Like mammals and reptiles, birds have bronchi. However, the birds' bronchi do not end in alveoli. The birds' bronchi fork or branch into smaller tubes called parabronchi. As the bird inhales, air is carried through the bronchi into the parabronchi. The bird's body has a system of air sacs that expand and contract in such a way as to keep the air flowing continuously in the same direction through the parabronchi. (If the bird did not have this complex, interconnected system of air sacs, or if it were imperfectly developed, the bird's lung would not function.)

The parabronchi do not end in cul-de-sacs. Rather, they come back together into bronchi that carry the air back out. Thus, the bird's lung is a series of one-way streets. The air comes in one way, and goes out the other. This system is completely different from the respiratory system in all other vertebrates, yet it is essentially the same in every species of bird.

There are other unique aspects of the bird's lung.
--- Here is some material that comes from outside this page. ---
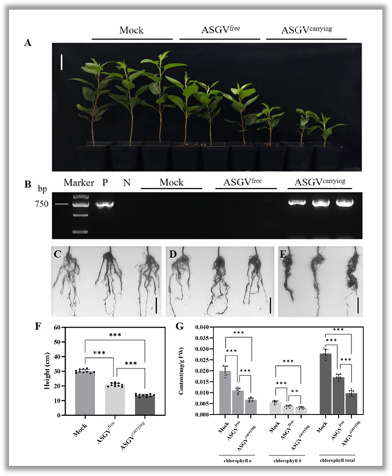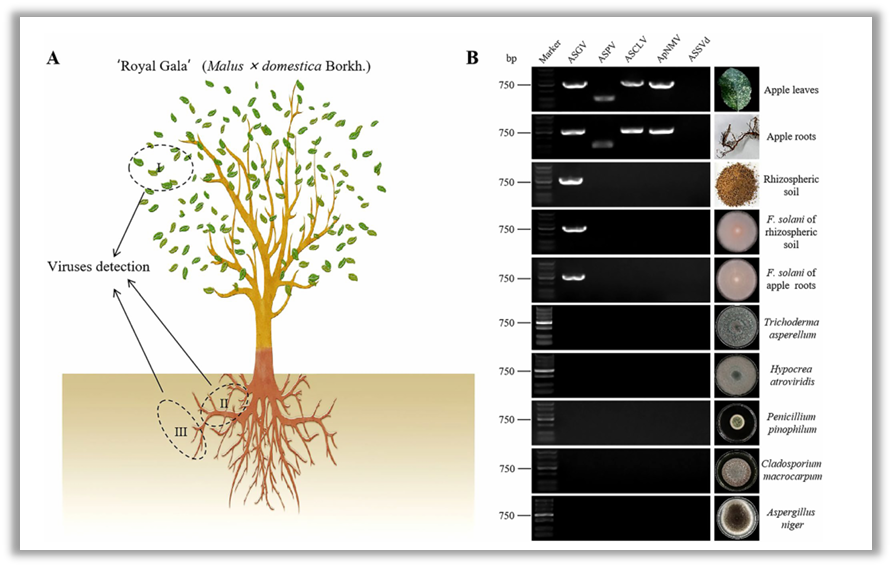 面对这一产业难题,团队另辟蹊径,将研究视角从地上转向地下,深入探究土壤微生物与病毒传播的潜在联系。通过高通量测序、真菌分离纯化、传毒生物学测定等一系列现代生物技术手段,成功从患病苹果树根际土壤中分离到携带ASGV的腐皮镰刀菌,并通过温室接种试验,证实了该真菌能够将病毒成功传播到健康的苹果实生苗上,引起典型症状。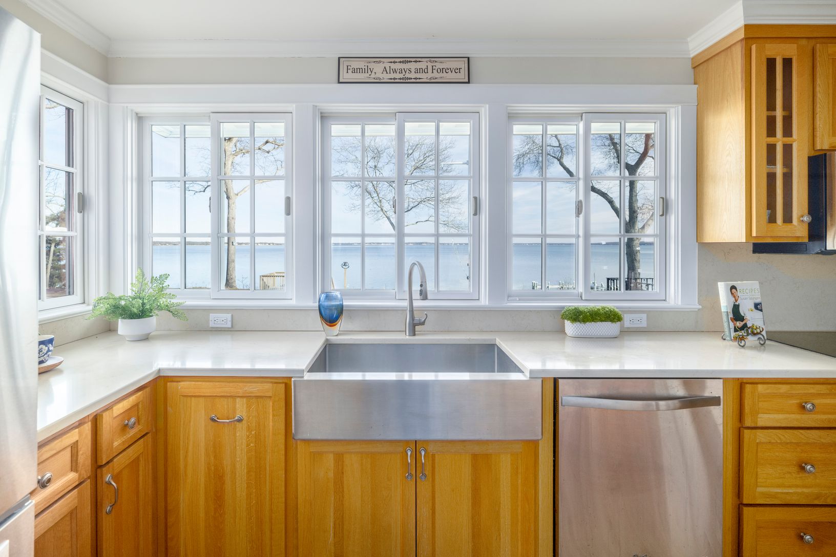 Welcome to 2240 Paradise Point Rd, Southold, a waterfront gem that seamlessly blends luxury and comfort in one of the most sought after waterfront neighborhoods of the North Fork on 3.7 acres. This charming, custom brick ranch offers an array of features designed to enhance your living experience. The home is situated perfectly overlooking it’s own private, sandy beach, cocktail platform at the water’s edge and boasts three bedrooms, each with

For example, all other vertebrates are born with their lungs in collapsed state, because they have not yet been filled with air. Anyone who has seen a child born has witnessed this phenomenon, as the shock of that first rush of air into the lungs results in the baby's first cry. However, this is not so with birds. Unlike all other vertebrates, the bird's lung cannot be inflated out of a collapsed state in this manner. The design of the bird's lung requires that it be filled with air gradually. As it happens, this process begins a few days before the bird hatches, so that it breaks out of its shell with lungs already filled with air. Otherwise it would not live, because its respiratory system does not finish developing until after it is full of air.

There is no species of bird that has a respiratory system that in some ways functions like a bird's and in other ways functions like a reptile's. Nor is there a species of reptile whose respiratory system functions somewhat like a bird's. Nor, indeed, could there be. Just as a street cannot be both one-way and two-way at the same time, so also a lung cannot be both like a bird and like a reptile. There is no way that an intermediate form of lung could function. Moreover, speaking in evolutionary terms, there is no reason for such an intermediary form to develop - even if it could work. Why would natural selection cause a reptile to begin to form a different kind of respiratory system, when the system it already has is perfectly suited for it? There is no reason for such a change to take place.

We are left with the following facts: There is no physical evidence that the respiratory system of birds evolved from that of reptiles. There is no creature anywhere that has a lung that is part avian and part reptilian. In keeping with this lack of evidence, we have great difficulty imagining how such a lung could possibly work, anyway, and therefore we would not expect to find one. Besides all of that, we also have tremendous difficulty imagining why a reptile, which already has a perfectly designed lung, would ever begin to develop a completely different kind of lung in the first place. Finally, when we consider how important it is that an animal's lungs function properly and efficiently (it would die immediately otherwise), it becomes impossible to conceive of how on earth the bird's lung evolved from that of another vertebrate. We cannot even imagine one intermediate form of lung that would function, never mind an entire series of them! However, in order for the General Theory of Evolution to be true, this impossible transition would have to have taken place.

As noted above, there are other aspects of the biology of birds that are unique among vertebrates. The avian heart and digestive system are also unique, as well as a number of lesser systems. We must ask: when the strongest piece of "evidence" available is the fossilized remains of two turkey-sized animals with feathers and stubby arms, why on earth would anyone conclude that birds evolved from reptiles? The answer is, that the only viable option to the General Theory of Evolution is the account given in the first chapter of Genesis. There are too many people - evolutionary scientists among them - who are not willing to accept this account, or to submit to its implications.